What illness does the Dauphin have in Marie Antoinette?

Louis is worried about the health of his eldest son in Marie Antoinette season 2 episode 3. What illness does the boy have?
Louis Cunningham (Louis XVI)
Louis Cunningham (Louis XVI)

During Marie Antoinette season 2, episode 3, Louis is fearful that his son has developed a genetic condition. What is this condition, and did this happen in real life?

Caution: This post contains SPOILERS for Marie Antoinette season 2, episode 3.

There are many reasons Louis should be fearful that his reign will end with issues. The one that he thinks about the most is that his son will no inherit the throne. What happens to his lineage then?

The episode starts with the Dauphin having his height measured, and the doctor confirms that the boy’s illness has progressed. He has lost more height, and the doctor believes that the boy has the same illness that affected Louis’s brother.

Louis shares that he remembers how his brother died in pain, with his spine constantly cracking has it failed to hold the weight of his head. So, what condition does the boy have, and does this have any basis in real life?

Louis-Joseph was a sickly child in real life

The Dauphin was a sickly child, but he was also bright. Records show that he had a curved spine, and he also suffered from regular bouts of illness and fevers. It was a concern for the people of the time, but this isn’t necessarily what killed him.

Louis-Joseph died at the age of seven from what seems to have been smallpox, which he battled on five years! It was before the executions of Marie Antoinette and Louis, but they were not allowed to see their son in his final days or go to his funeral due to royal protocol. Just 40 days later, the Bastille was stormed, and while he was buried there, his tomb was desecrated in the attack.

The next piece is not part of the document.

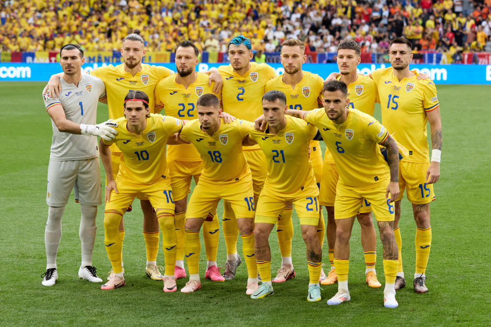 7月2日,罗马尼亚队首发球员在比赛前合影。新华社记者 孟鼎博 摄
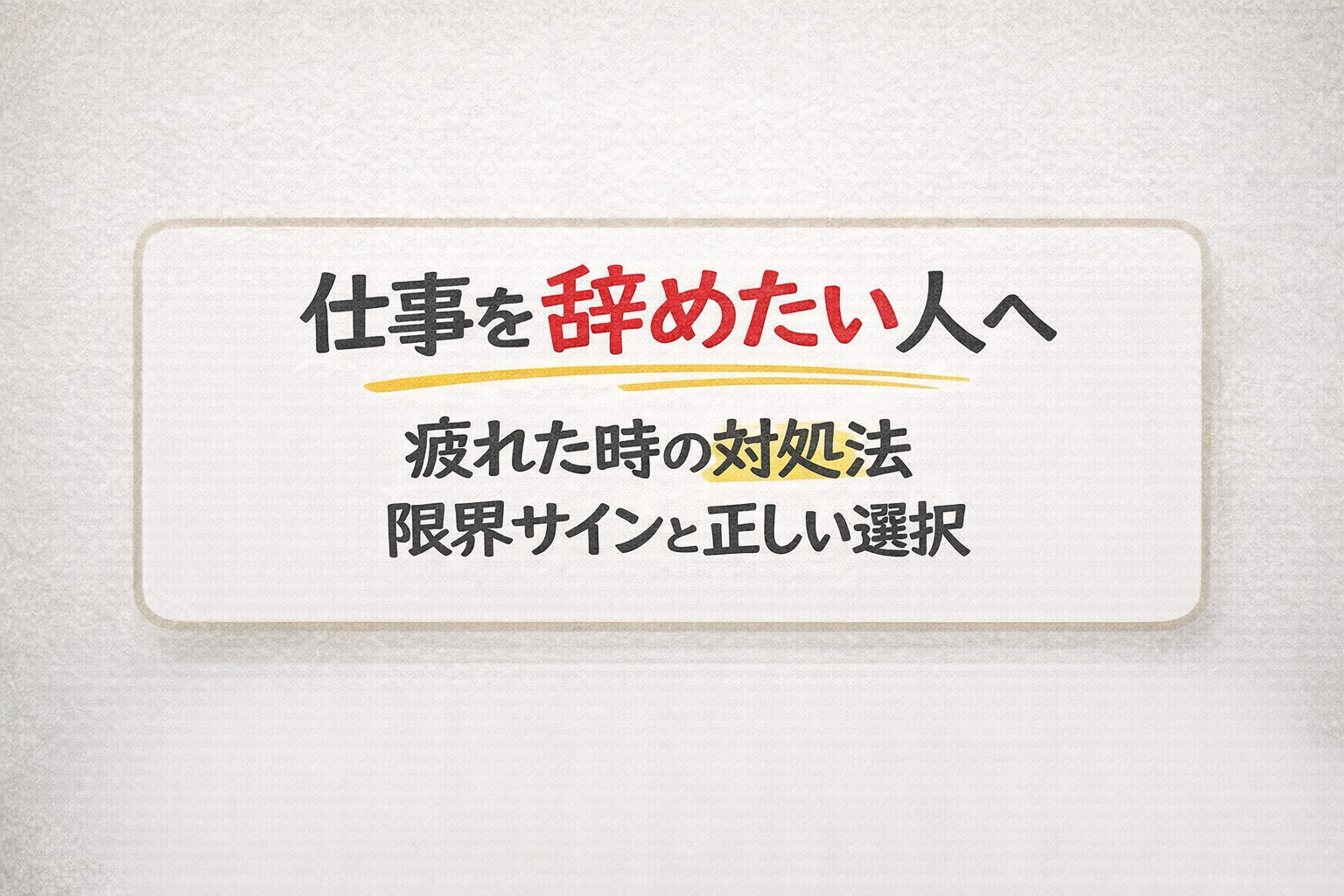 この記事では、仕事に疲れて「辞めたい」と感じたときの対処法と、

Is Louis’s brother’s story made up in Marie Antoinette

There is no evidence that I can find of a brother dying of some sort of genetic illness involving the spine. Louis did have an older brother who died young, but it was due to an abscess that formed after he developed a limp. He would later share that a friend pushed him over, and he didn’t say anything in fear of the friend being punished for hurting him.

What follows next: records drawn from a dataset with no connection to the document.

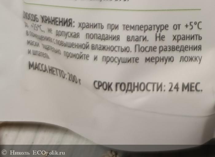 - Способ хранения: хранить при температуре от +5°С до +25°С, не допуская попадания влаги. Не хранить в помещениях с повышенной влажностью. После разведения маски тщательно промойте и просушите мерную ложку и шпатель.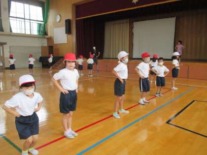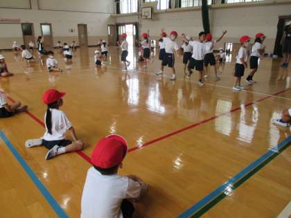 運動会で踊るダンスがどれぐらい上手になっているのかをお互いにチェックし合いました。大きく動いていることや足の動きがよくなっていることなど,友だちの良いところを自分の動きに生かしている子がたくさんいました。これからよりよくなるようにみんなで仕上げていきます!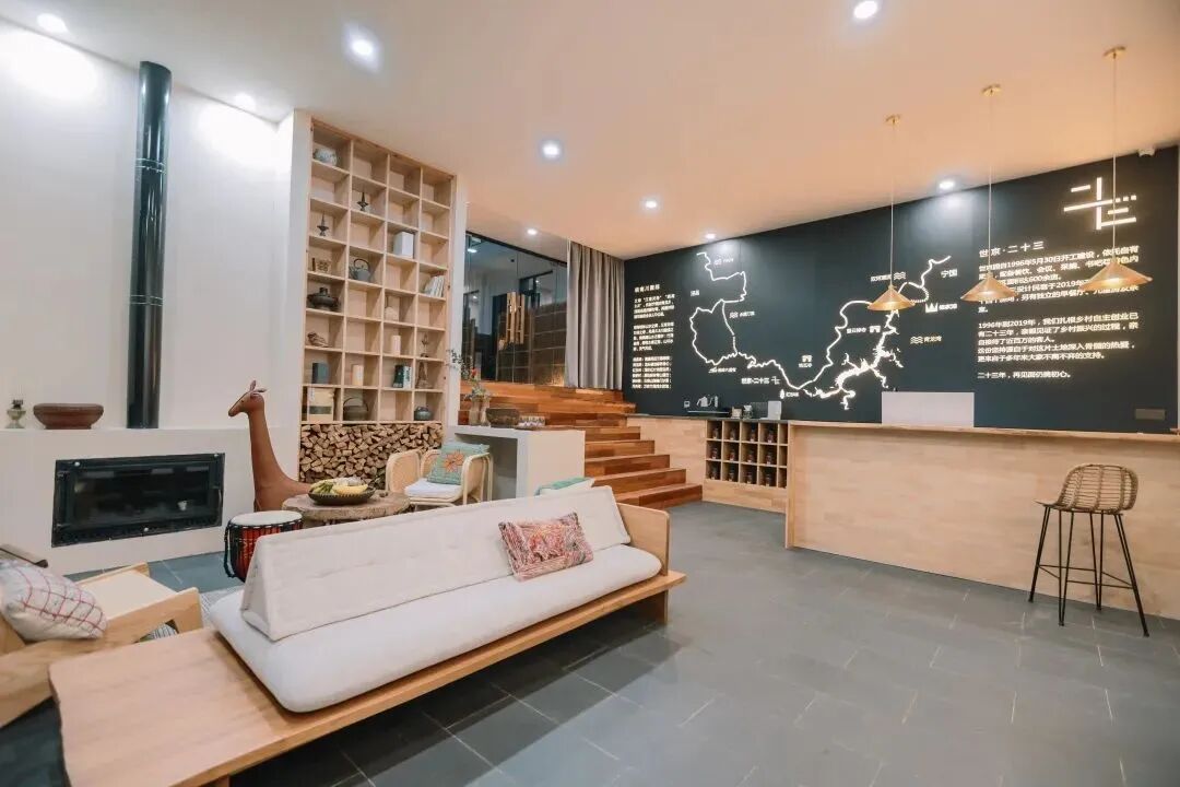 民宿共有14间房间,设有明亮的落地窗、下沉式大厅、书架、布艺沙发影院等设施,点缀有马头墙、老格窗、雕花牌匾等徽派元素,处处皆是古韵满满的设计巧思,为住客提供了良好的居住环境。

He did end up being confined to his bed and was diagnosed with extra pulmonary tuberculosis of the bone. Louis did serve as his brother’s companion until his brother’s death  in 1761 when he was just nine years old.

It’s easy to see how this could have been written into a story that affects Louis now. He could see his son’s illness as something similar to the illness that took his brother’s life. After all, he was the younger brother at the time, and may not have taken everything in fully, including the fall that started it all.

Marie Antoinette airs on Sundays at 10/9c on PBS.